2017年08月01日 11時06分08秒 | 映画寸評

「ジョン・ウィック:チャプター2」(2017年・米国)
監督 チャド・スタエルスキ

敵の弾はジョンには当たらない

前作は見ていないが、今回もストーリーはともかくとしてアクションがすごい、という紹介記事につられて観たところがっかりである。冒頭のカーチェイスの果てに車が止まり、ジョンが車から出てきたところを敵が襲ってくるのだが、当然銃撃してくるものと思うと何故か全員素手で向かってきて格闘技となる。ジョンが次々と倒すが最後に巨漢が出てきてやられそうになると、突然拳銃を出して射殺するのである。DVD鑑賞ならここでやめるところであろう。

その後も中心は延々と続く銃撃戦なのだが、ジョンの強いわけは敵が撃った弾は当たらない、ということに尽きる。建物内を動き回りながら撃ち合う時に、ジョンが先に敵を見つけた場合や同時に気づいた場合はともかく、敵が先にジョンに気づいて撃った弾は当たらずジョンが反撃して倒す、というシーンが何度もあり、白けてしまった。射撃の腕が良いとか、早撃ちとか、物陰に隠れて撃つのが上手とかではなく、単に運が良すぎるだけとしか思えないシーンだ。そうであるから、敵が何十人もいる催物会場に何の工夫もなく正面から乗り込んで行くこともできるのであろう。また、敵方の中には、ただ撃たれるためにのみ登場したかのように見える者もいたりする。この基本のリアリティが無視されている以上、所どころそれなりに良く出来ている細部の凝った設定も楽しむことはできない。

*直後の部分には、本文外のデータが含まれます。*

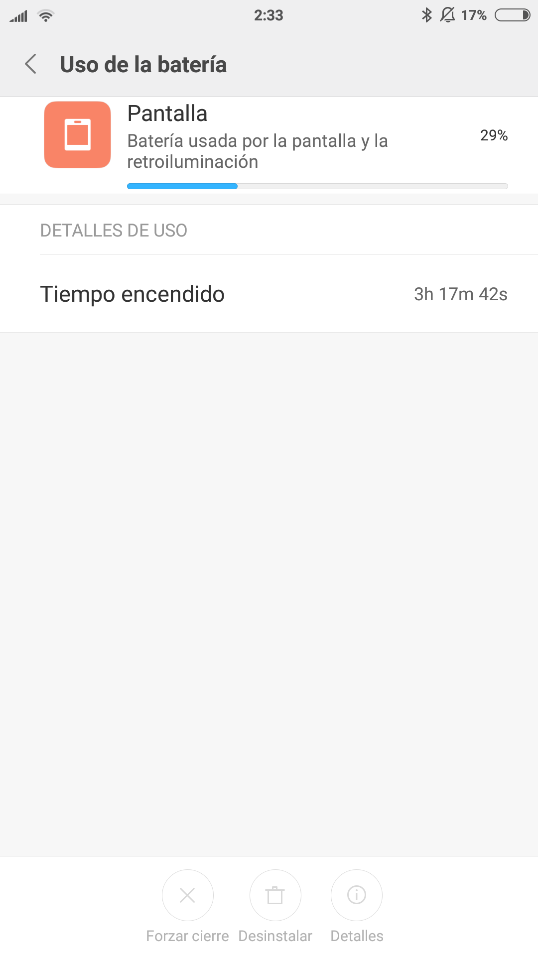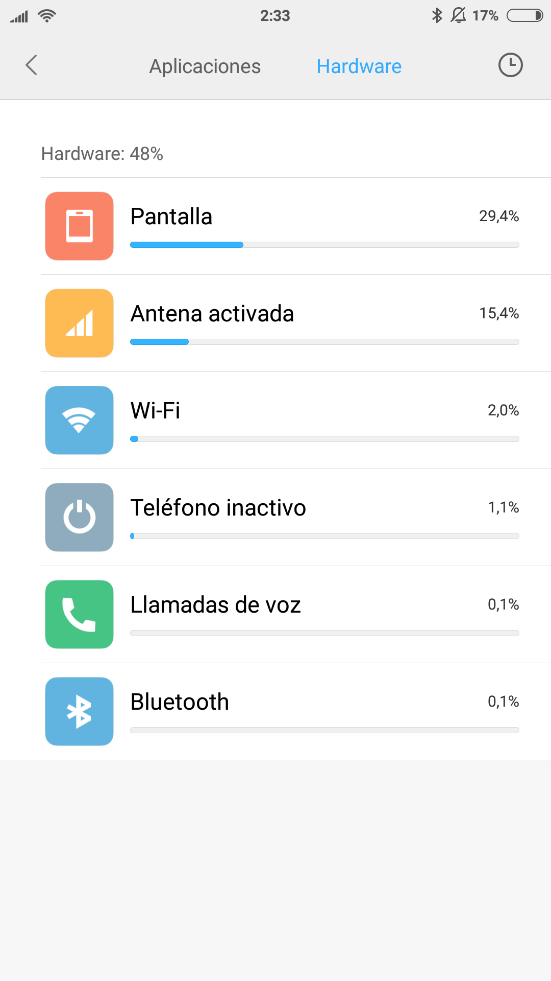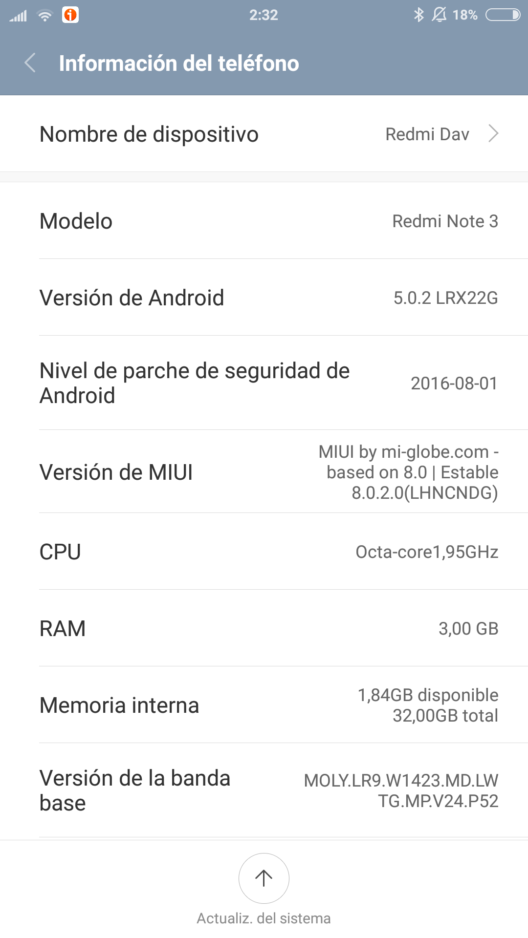 No es problema de la batería porque la he cambiado por una nueva original y sigo igual. Tampoco de ROM, porque he pasado por muchas, incluidas miui 7 y 8 oficiales en inglés, y lo mismo. Creo que podemos decir que este modelo tiene algún problema y eso hace que con el tiempo la batería dure poco. No creo que sea la pantalla tampoco porque la mía se rompió al caerme y la cambié, pensando que así igual también daba con el problema, al ser la pantalla lo que más batería consume. Pues tampoco... ![]() |
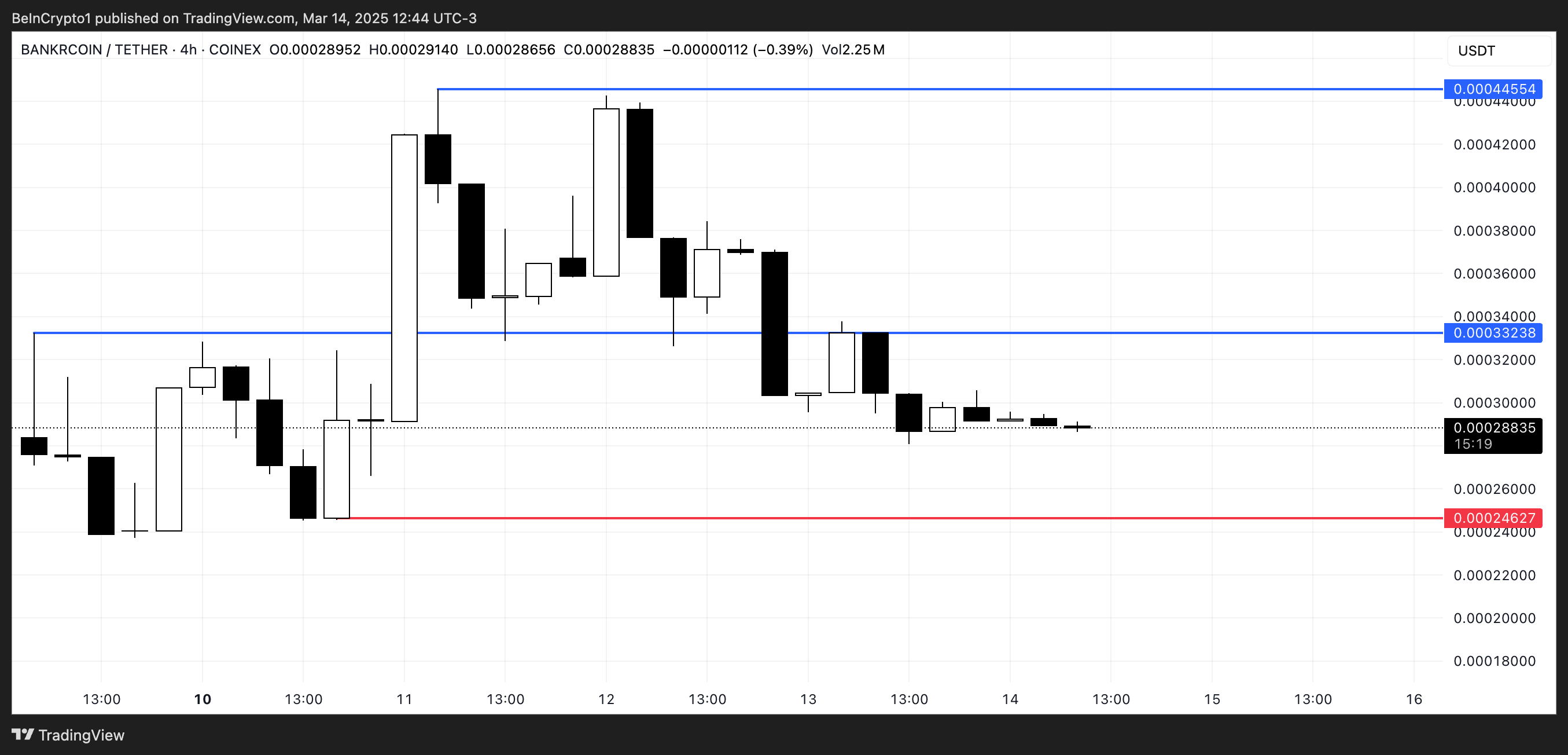 如果 BNKR 維持其動能,可能會重新測試 0.00033 美元的水平,突破後可能升至 0.00044 美元。
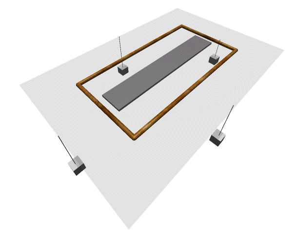 The diaphragm must be tensioned to obtain static stability as well as the desired fundamental resonance. At this stage the method which I am suggesting for the size panels suitable for a practical speaker is detailed in the diagram below. Four lengths of wooden dowel approx. of 1 - 2" (2-5cm) are located on a table or piece board ( MDF is suitable ) as shown. The pieces can be fixed together at the corners if desired. A piece of clean, flat MDF, slightly larger than the speaker by 2-5 cms, is placed centrally in the frame so that top surface of the board is almost level with the height of the dowels. The mylar is then placed across the frame and 4 masses of between 100-500gms, depending on the desired resonance, taped to each edge of the molar ( support each pair of opposite weights) the supports are then removed in pairs and the tension is applied to the diaphragm. The panel with its adhesive may then be applied to the molar. This procedure will be further described in the construction section.
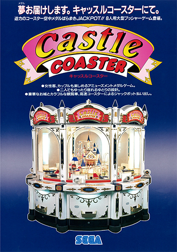 - 夢の世界へプレイヤーをいざなう8人用大型プッシャーゲーム。 多様なからくりで楽しめる巨大なお城、メダルを積んだままループする高速コースター、カラフルな観覧車が目を引く。 ルールは簡単、タイミング良くメダルを投入してプッシャーでメダルを落とす。3つのうち1つ点滅しているターゲットにメダルをのせるとルーレットが回り、すごろくでお城までたどりつくとスーパージャックポット「キャッスルコースター発進」が発動する。
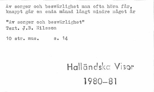 //// Av sorger och besvärlighet man ofta höra får, knappt går en enda månad långt mindre något år //// "Av sorger och besvärlighet" Text. J.B. Nilsson //// 10 str. mus. s. 14 //// Halländske: Visor 1980-81 ////
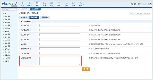 首先獲取在線客服安裝代碼,然后登陸phpwind 后臺,進入全局》站點信息》,復(fù)制在線客服 代碼并粘貼到“網(wǎng)站第三方統(tǒng)計代碼”文本框中,點擊提交完成。
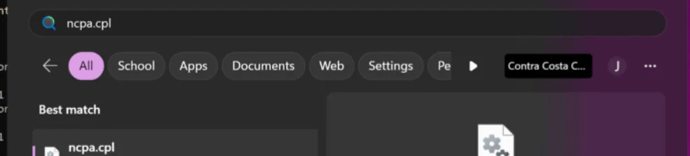 - Başlat’a tıklayın ve arama alanına ncpa.cpl yazın.
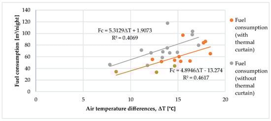 In the present study, when the indoor temperatures were kept at 15 °C in both greenhouses, fuel consumption, heat energy consumption, the overall heat transfer coefficient, the equivalent of the amount of CO2 released into the atmosphere and fuel cost were determined. Fuel consumption was considered a function of the indoor and outdoor air temperature differences with and without thermal curtains. The temperature difference (∆T) reached, depending on the amount of fuel consumed in the greenhouses, is given in Figure 6 for the experimental greenhouses.
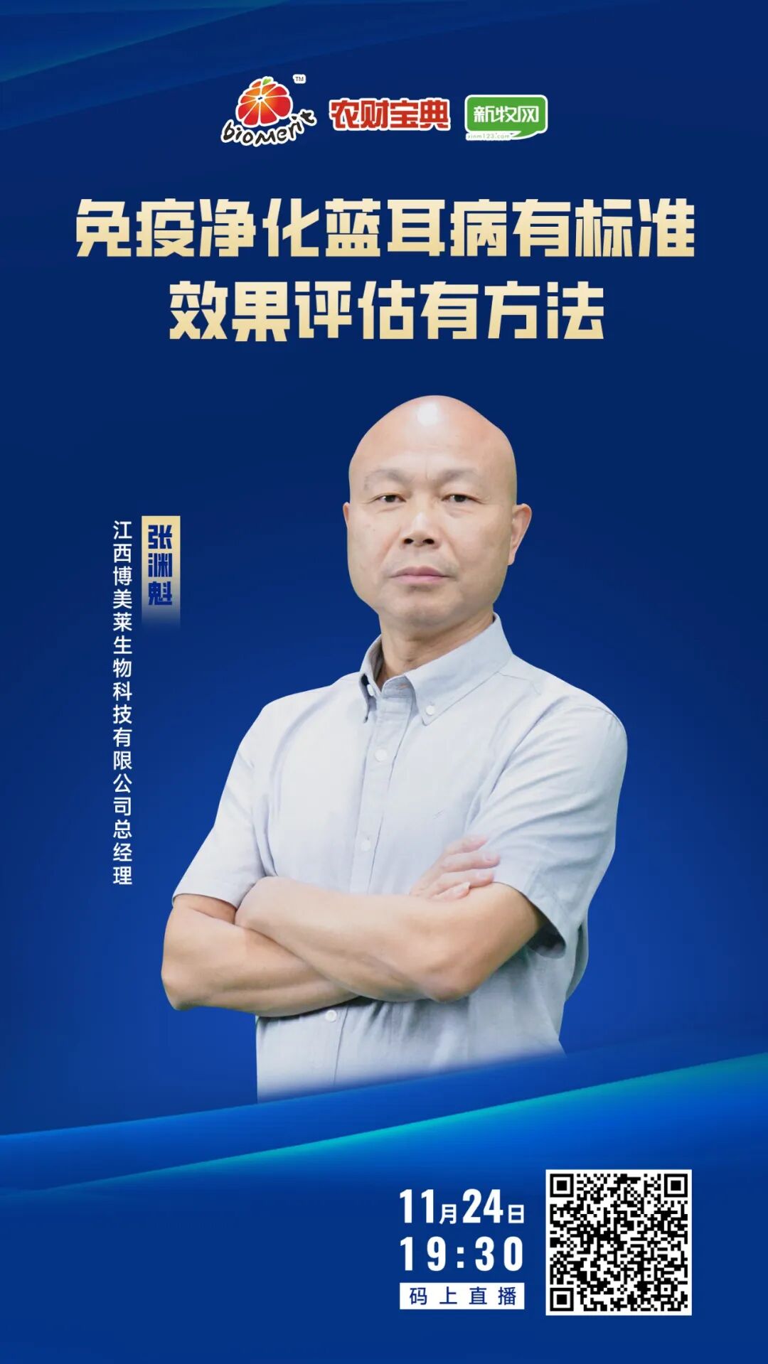 11月24日,江西博美莱生物科技有限公司总经理张渊魁做客农财宝典直播间,带来了关于《免疫净化蓝耳病有标准,效果评估有方法》的主题报告,为养猪人提供净化方案和评估方法。
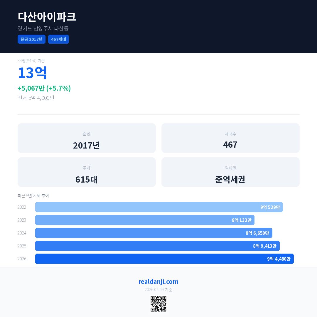 다산아이파크 최근 거래가는 13억입니다. (2026-04)
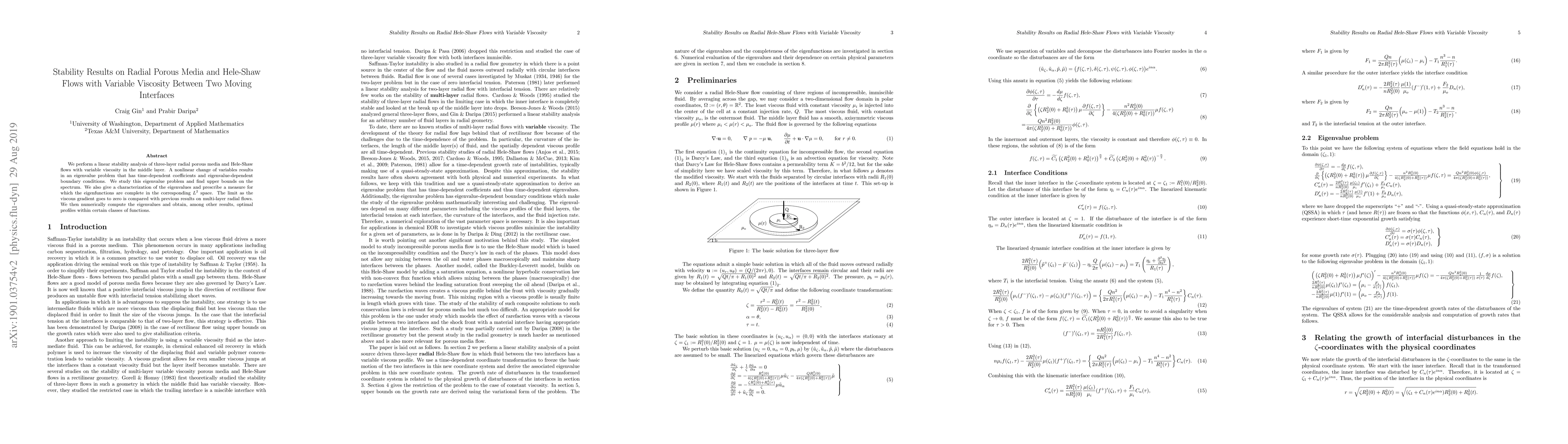 We perform a linear stability analysis of three-layer radial porous media and Hele-Shaw flows with variable viscosity in the middle layer. A nonlinear change of variables results in an eigenvalue problem that has time-dependent coefficients and eigenvalue-dependent boundary conditions. We study this eigenvalue problem and find upper bounds on the spectrum. We also give a characterization of the eigenvalues and prescribe a measure for which the eigenfunctions are complete in the corresponding $L^2$ space. The limit as the viscous gradient goes to zero is compared with previous results on multi-layer radial flows. We then numerically compute the eigenvalues and obtain, among other results, optimal profiles within certain classes of functions.

ストーリーに期待はしていなくても、最初は裏社会のルールを真剣に理解しようとしていたが、それも屁理屈を並べたようなものに思えだした。1対多数の闘いは、チャンバラや格闘技ならともかく、正面切っての銃撃戦では成立しにくいのであるが、それ故に何らかの工夫が必要なのであり、それによって映画の出来不出来が決まる。本作はその点で全く失格であり、ただ次々と多数を殺し続けるというだけで、殺した人数の多さでスケールアップしたと勘違いしているのではないだろうか。

総合評価 ②  [ 評価基準: (⑥まれにみる大傑作)⑤傑作 ④かなり面白い ③十分観られる ②観ても良いがあまり面白くはない ①金返せ (0 論外。物投げろ)]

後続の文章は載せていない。